---- STORED DATA
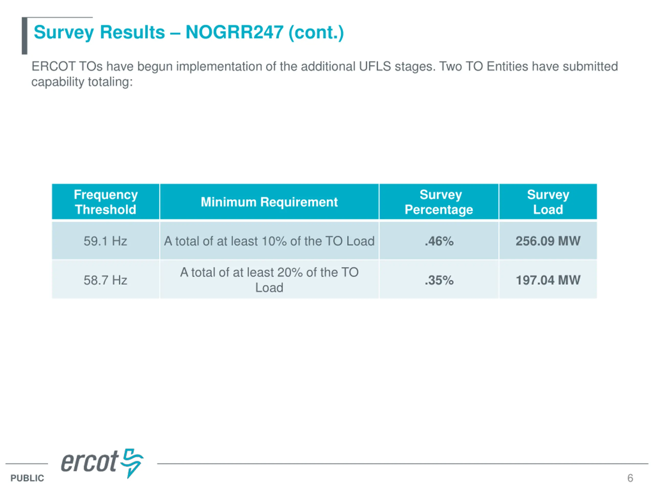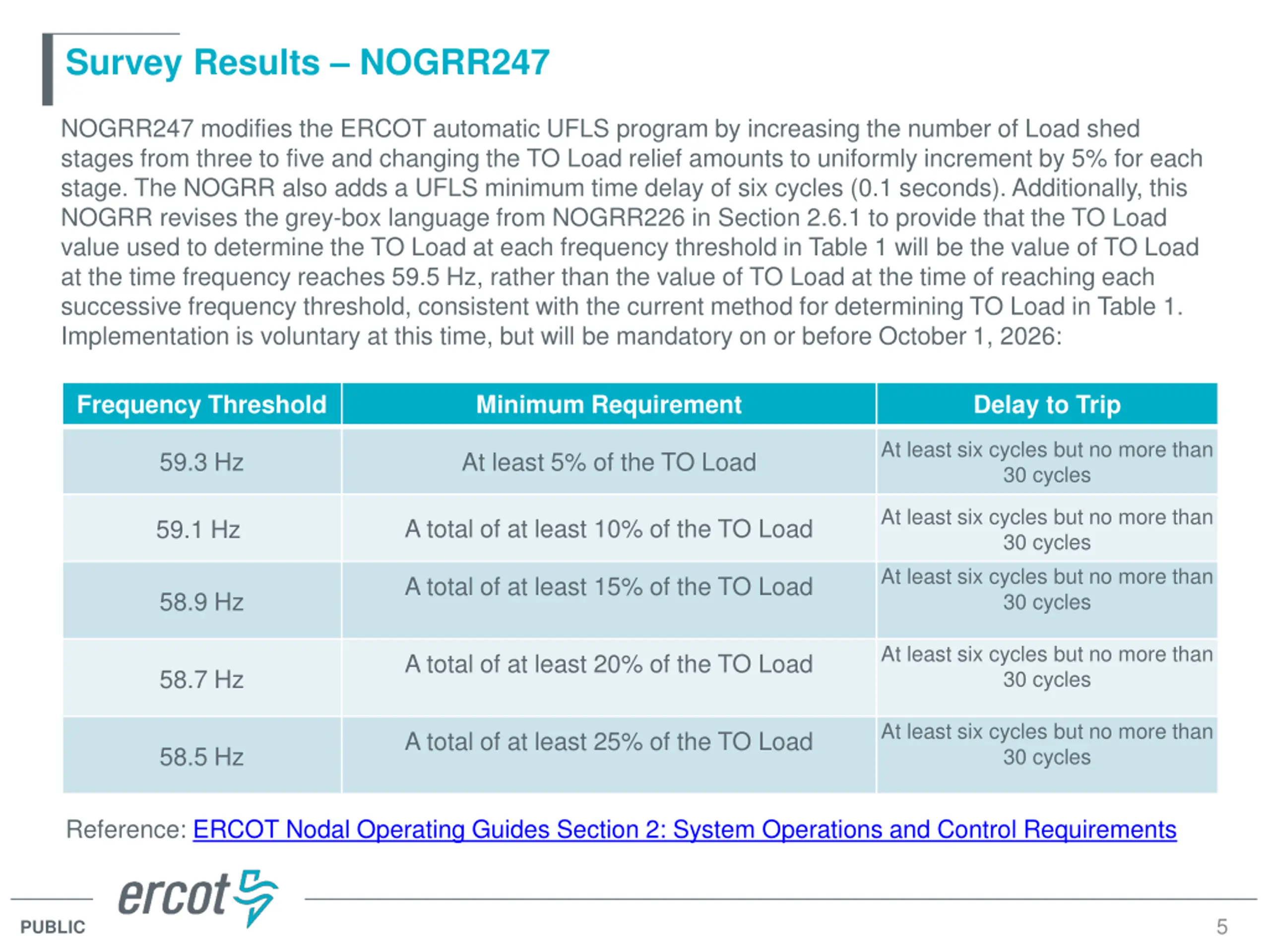 Survey Results NOGRR247 NOGRR247 modifies the ERCOT automatic UFLS program by increasing the number of Load shed stages from three to five and changing the TO Load relief amounts to uniformly increment by 5% for each stage. The NOGRR also adds a UFLS minimum time delay of six cycles (0.1 seconds). Additionally, this NOGRR revises the grey-box language from NOGRR226 in Section 2.6.1 to provide that the TO Load value used to determine the TO Load at each frequency threshold in Table 1 will be the value of TO Load at the time frequency reaches 59.5 Hz, rather than the value of TO Load at the time of reaching each successive frequency threshold, consistent with the current method for determining TO Load in Table 1. Implementation is voluntary at this time, but will be mandatory on or before October 1, 2026: Frequency Threshold Minimum Requirement Delay to Trip At least six cycles but no more than 30 cycles 59.3 Hz At least 5% of the TO Load At least six cycles but no more than 30 cycles At least six cycles but no more than 30 cycles A total of at least 10% of the TO Load 59.1 Hz A total of at least 15% of the TO Load 58.9 Hz At least six cycles but no more than 30 cycles A total of at least 20% of the TO Load 58.7 Hz At least six cycles but no more than 30 cycles A total of at least 25% of the TO Load 58.5 Hz Reference: ERCOT Nodal Operating Guides Section 2: System Operations and Control Requirements 5 PUBLIC
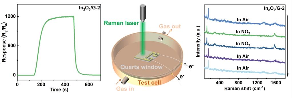 研究采用原位拉曼光谱技术,实时探测了气体暴露前后敏感材料表面的结构动态变化,首次观察到可逆的物相转变过程。通过定量分析反应过程中特征拉曼峰的强度变化,团队精准识别出发挥主导作用的活性物相,建立起瞬态结构变化与传感器响应行为之间的直接关联,澄清了长期以来MOS气敏机制中存在的关键争议。
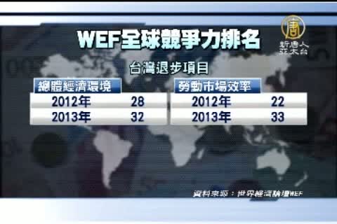 【新唐人亞太台2013年9月5日訊】世界經濟論壇,昨天(4日)公布2013到2014年的全球競爭力報告,在全球148國家中,台灣排名第12,比去年進步一名。不過,台灣在政府財政赤字,和總體經濟環境上,仍有待加強。
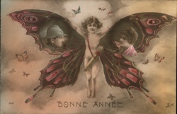 New Year 1919 Baby Cherub with Bag and Best Wis...
--------
# PROBLEM DETAILS
Exactly the lines from the one with "研究采用原位拉曼光谱技术,实" through the end of the listing above are to be repeated, with no pictures.

# OUTPUT OF THE EXERCISE
 研究采用原位拉曼光谱技术,实时探测了气体暴露前后敏感材料表面的结构动态变化,首次观察到可逆的物相转变过程。通过定量分析反应过程中特征拉曼峰的强度变化,团队精准识别出发挥主导作用的活性物相,建立起瞬态结构变化与传感器响应行为之间的直接关联,澄清了长期以来MOS气敏机制中存在的关键争议。
 【新唐人亞太台2013年9月5日訊】世界經濟論壇,昨天(4日)公布2013到2014年的全球競爭力報告,在全球148國家中,台灣排名第12,比去年進步一名。不過,台灣在政府財政赤字,和總體經濟環境上,仍有待加強。
 New Year 1919 Baby Cherub with Bag and Best Wis...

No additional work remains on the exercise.